These are the key concepts you need to understand to accurately answer the question.

Null Hypothesis
The null hypothesis is a fundamental concept in hypothesis testing. It is a statement that there is no effect or no difference, and it serves as a baseline or default position. In the context of the exercise, the null hypothesis (\(H_0\)) suggests that "20% of students aged 8 to 18 play video games at least once a day." In mathematical terms, we express this as \(p = 0.20\), where \(p\) represents the proportion of students.
  • Essentially, the null hypothesis allows for a point of comparison.
  • We test whether observed data significantly deviates from this hypothesis.
  • If evidence suggests otherwise, we may reject the null hypothesis.
This is crucial since it forms the baseline; all calculations and interpretations start here.
Alternative Hypothesis
The alternative hypothesis is what you would accept if the null hypothesis is rejected. It indicates that there is an effect or a difference worth considering. For this exercise, the alternative hypothesis (\(H_a\)) states that "more than 20% of students aged 8 to 18 play video games daily." We mathematically express this as \(p > 0.20\).
  • The alternative hypothesis represents the researcher's query or theory in question.
  • In hypothesis testing, the aim is to gather enough evidence to support this hypothesis over the null.
  • It is directional in this case, specifically testing if the proportion is greater than \(0.20\).
Evaluating the likelihood of this hypothesis helps determine the direction of statistical conclusions.
P-value
In hypothesis testing, the p-value helps determine the statistical significance of the results.

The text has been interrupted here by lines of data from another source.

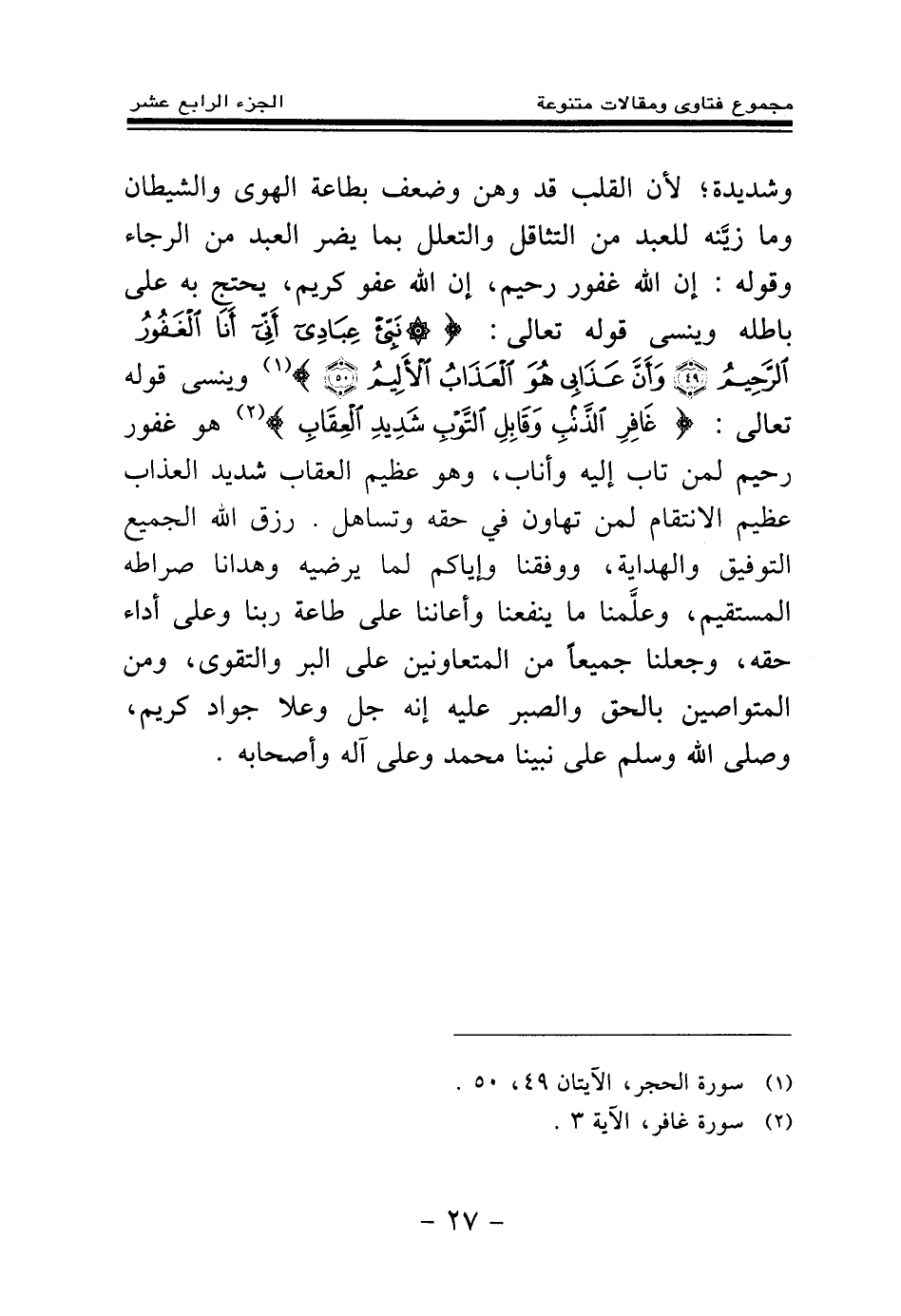 وشديدة؛ لأن القلب قد وهن وضعف بطاعة الهوى والشيطان وما زينه للعبد من التثاقل والتعلل بما يضر العبد من الرجاء، وقوله: إن الله غفور رحيم، إن الله عفو كريم، يحتج به على باطله وينسى قوله تعالى: {نَبِّئْ عِبَادِي أَنِّي أَنَا الْغَفُورُ الرَّحِيمُ} (¬1) {وَأَنَّ عَذَابِي هُوَ الْعَذَابُ الْأَلِيمُ} (¬2) وينسى قوله تعالى: {غَافِرِ الذَّنْبِ وَقَابِلِ التَّوْبِ شَدِيدِ الْعِقَابِ ذِي الطَّوْلِ لَا إِلَهَ إِلَّا هُوَ إِلَيْهِ الْمَصِيرُ} (¬3) هو غفور رحيم لمن تاب إليه وأناب، وهو عظيم العقاب شديد العذاب عظيم الانتقام لمن تهاون في حقه وتساهل. رزق الله الجميع التوفيق والهداية، ووفقنا وإياكم لما يرضيه، وهدانا صراطه المستقيم، وعلمنا ما ينفعنا وأعاننا على طاعة ربنا وعلى أداء حقه، وجعلنا جميعا من المتعاونين على البر والتقوى، ومن المتواصين بالحق والصبر عليه، إنه جل وعلا جواد كريم، وصلى الله وسلم على نبينا محمد وعلى آله وأصحابه.
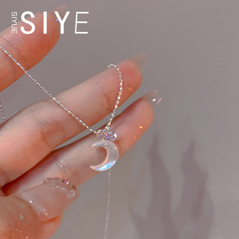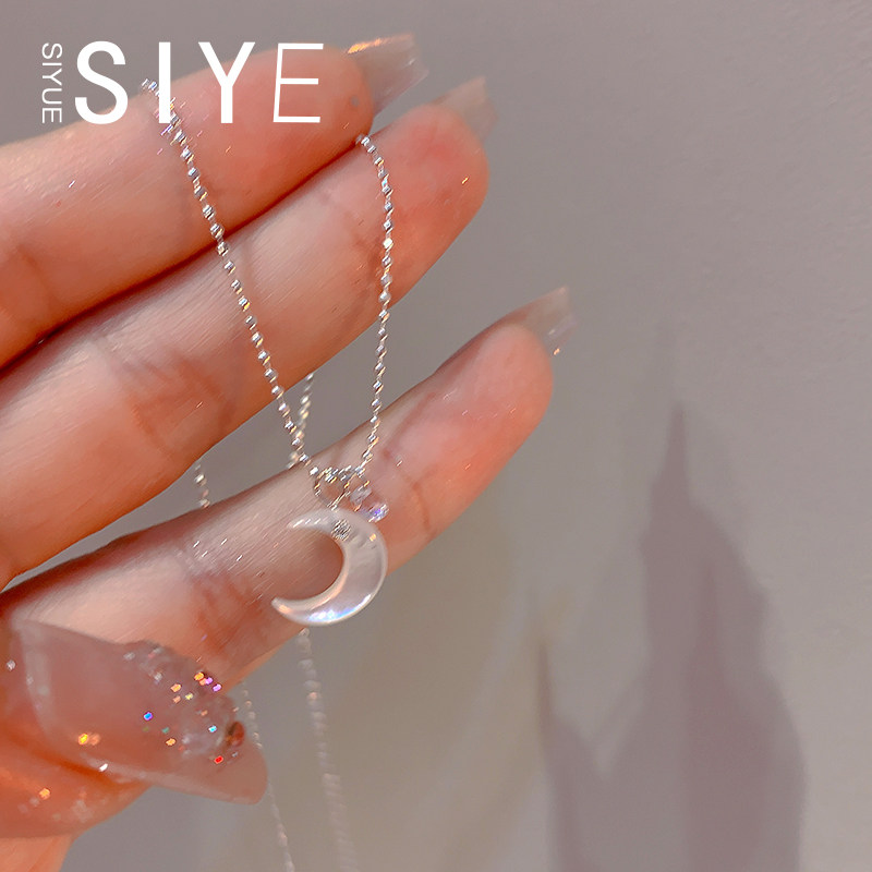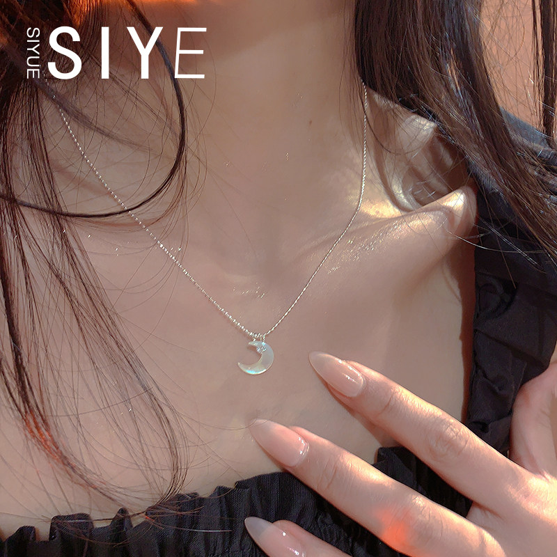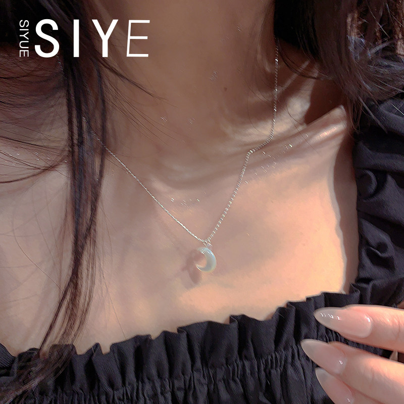 白月光 | 碎銀子項鍊女款新款爆款極細鑲鉆鎖骨鍊白色貝殼月
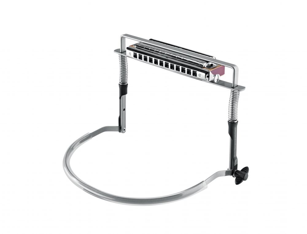 Sopii useisiin huuliharppumalleihin. Pehmustettu kaulakehys. Jousijännityksellä säädettävä soittimen pidike.
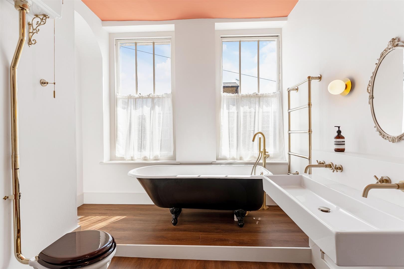 The expansive master suite overlooks the garden and includes a luxurious en-suite bathroom, complete with an original Victorian freestanding bath and walk-in shower.
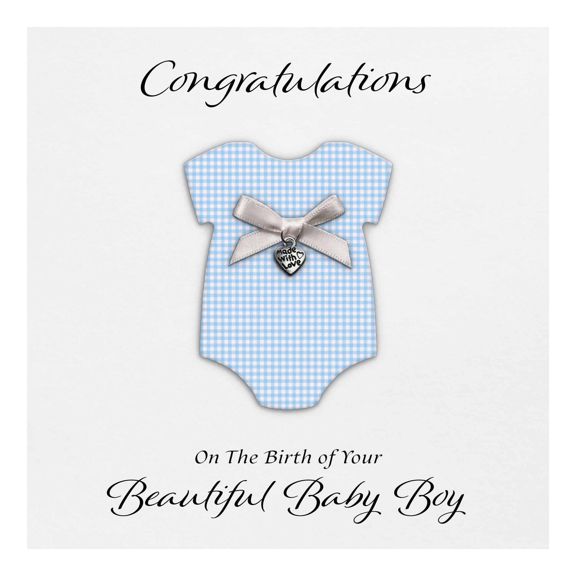 The design features a Raised Baby Grow Shape Cardstock Panel in carefully chosen colours and textures, finished with a Hand-tied bow and a High-Quality Metal Charm. Inside, a Blank Paper Insert adds to the premium feel and leaves space for a sentimental handwritten message.
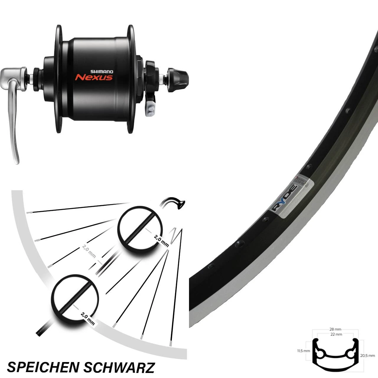 - Vorderrad 27,5 Zoll Ryde Andra 35 schwarz mit Nabendynamo Shimano Nexus DH-C3000-3N-QR schwarz
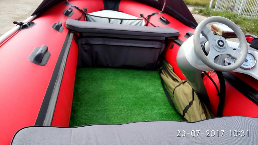 Полы, морская фанера. Выпуск лодки - 04.2015, покупка - 08.2015, спуск на воду - 05.2016, общее время на воде - 27 м/часов. Комплектация всё, что идёт по паспорту + Носовой тент, носовая сумка, дополнительные широкие банки с мягкими накладками, коврик, БРОНЬ ВСЕГО ДНИЩА !!!. Есть одна латка, в носу, внутри, на фото обведено белым кружком. Состояние отличное. Цена: 78000. Причина продажи - переход на пластик.
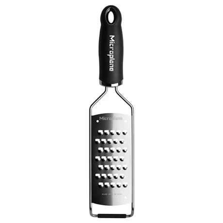 Utilisées à travers les cuisines du monde entier, les râpes Microplane ont révolutionné leur domaine avec un outil dérivé de la menuiserie aux performances bien plus fiables qu’une râpe traditionnelle. Pour diversifier les utilisations de leurs râpes, Microplane a lancé une gamme d’outils spécialisés, dont cette râpe à fromage Extra grossier Gourmet noire Microplane. Avec une lame en acier inoxydable découpée par photochimie, ce qui lui garantit une résistance accrue puisqu’elle est faite d’une seule pièce, cette râpe est équipée de trous très larges par rapport à la râpe Premium Classic qui s’adaptera parfaitement pour les découpes de pommes de terre, carottes, noix de coco, choux et fruits. Coleslaws, juliennes, copeaux larges de parmesan, ses bords aiguisés râperont facilement de gros morceaux.
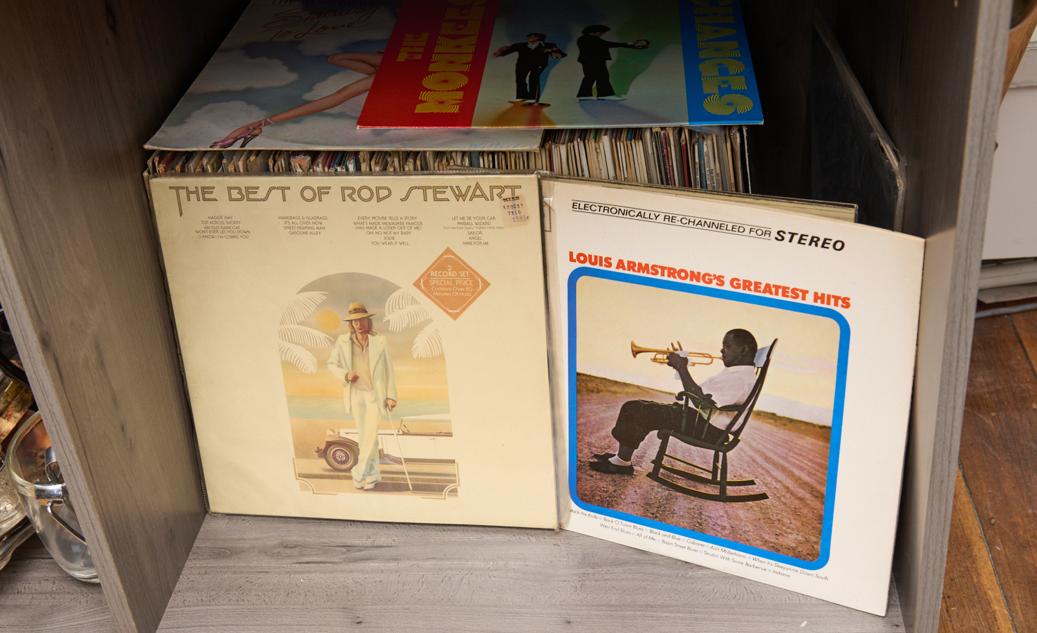 A SHELF OF ASSORTED VINYLS INCLUDING LOUIS ARMSTRONG, ROD STEWART, ELTON JOHN AND GLENN MILLER, LEONARD JOEL LOCAL DELIVERY SIZE: MEDIUM
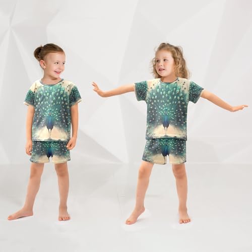 ALAZA Green Feather Peacock Pajamas Set Short Sleeve Cotton Sleepwear Summer Pjs 2 Piece 5-14Y 2
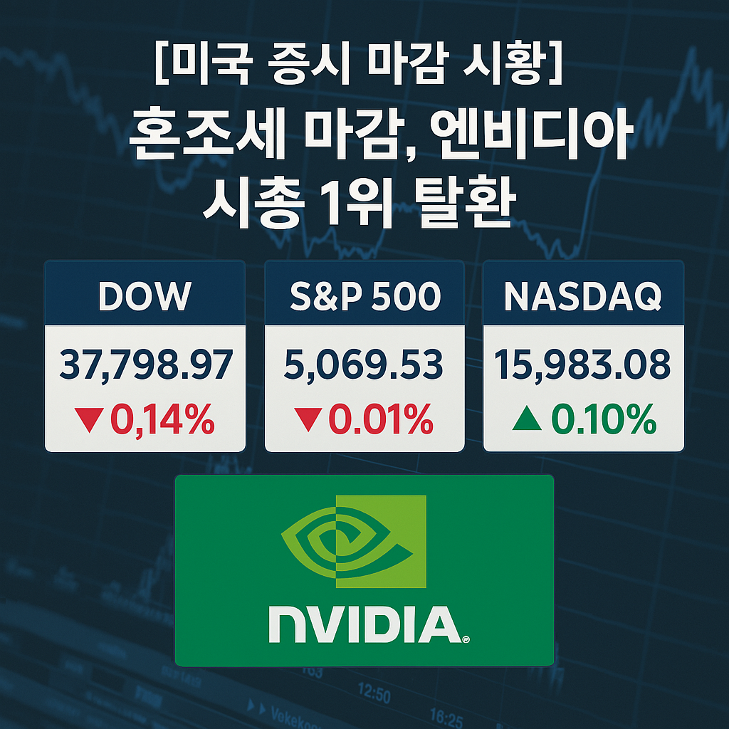 나스닥은 엔비디아의 강세 덕분에 상승세를 유지했지만, 다우존스는 경기 방어주와 전통 산업주의 약세로 100포인트가량 하락했습니다.
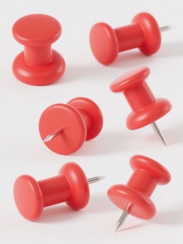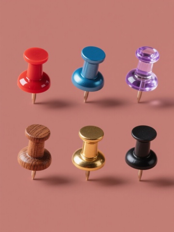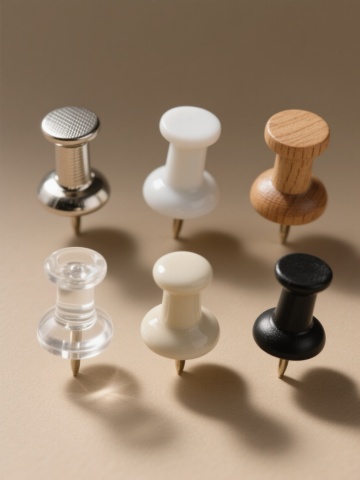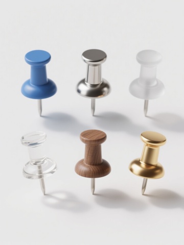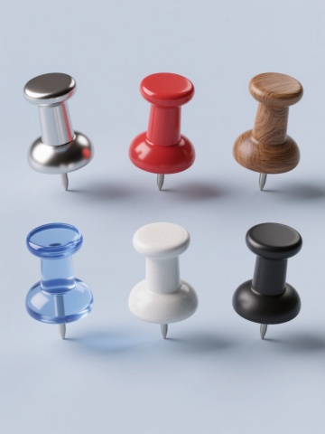 6个不同材质的图钉系列素材集合,规整排布在纯色背景上。每个图钉保持经典图钉造型(圆形平头、圆柱形钉身、尖细钉尖),但材质和视觉质感完全不同:1. 高光泽金属蓝色图钉,表面有强烈反光和细腻高光,呈现出光滑的塑料或金属质感,带有自然阴影;2. 哑光木质图钉,呈现原木纹理和温暖的木色,表面有细微的木纹肌理和柔和的漫反射光影;3. 透明玻璃图钉,清澈通透,带有玻璃特有的折射光影效果和轻微的蓝色调,钉尖为银色金属;4. 磨砂陶瓷图钉,表面粗糙有颗粒感,呈现均匀的白色,带有柔和的哑光光泽;5. 闪亮金色金属图钉,金属质感强烈,表面有精致的拉丝纹理,呈现出奢华的金色光泽;6. 柔软橡胶质感图钉,颜色为鲜艳的红色,表面有细微的防滑纹理,呈现出柔软有弹性的质感。所有图钉大小一致,以2x3的网格形式规整排列,每个图钉下方都有自然的阴影,整体画面简洁、现代、具有产品展示感。
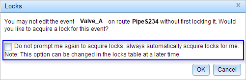 Additionally, conflict prevention prompts can be disabled directly from the message prompt. Check the Do not prompt me again to acquire locks, always automatically acquire locks for me check box when prompted to acquire an event lock and click OK. The event lock is acquired. You will not be prompted to acquire event locks if the lock is available, but Event Editor will continue to alert you if the lock is not available. Conflict prevention prompt settings will persist in your browser's HTML5 storage.
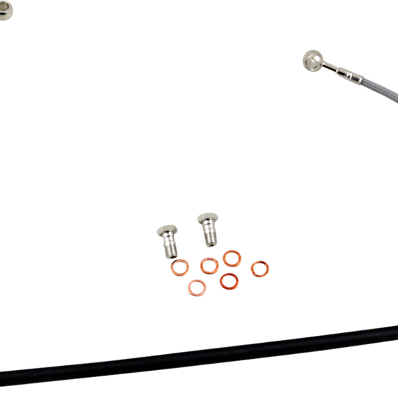 Caracteristicas: 64 braided strands of steel around the line, making the line have zero expansion at any time - better than any other braided line Requires less pressure at the lever, allowing the rider to use less force while stopping the bike faster and with better feel Fittings come from the factory pre-positioned but can swivel 180° if necessary to make the installation process easier Include a clear outer coating which protects the bike from scratches and the lines from humidity Complete with all necessary banjo bolts and washers Ready to install

It quantifies the probability of obtaining an observed effect, assuming the null hypothesis is true.For example, in this exercise, a p-value of approximately \(0.0087\) is discovered.
  • A lower p-value indicates stronger evidence against the null hypothesis.
  • This means our observed data is less predictable under the null hypothesis assumption.
  • If the p-value is below the predetermined significance level (\(\alpha\) usually set at \(0.05\)), it leads us to reject the null hypothesis.
The p-value is crucial in deciding whether to support or reject the null hypothesis, making it a pivotal part of hypothesis testing.
Z-score
The Z-score is a measure indicating how many standard deviations an element is from the mean. In hypothesis testing, it is used as a test statistic to understand how far the sample proportion is from the population proportion under the null hypothesis.In this exercise, the calculated Z-score is approximately \(2.38\).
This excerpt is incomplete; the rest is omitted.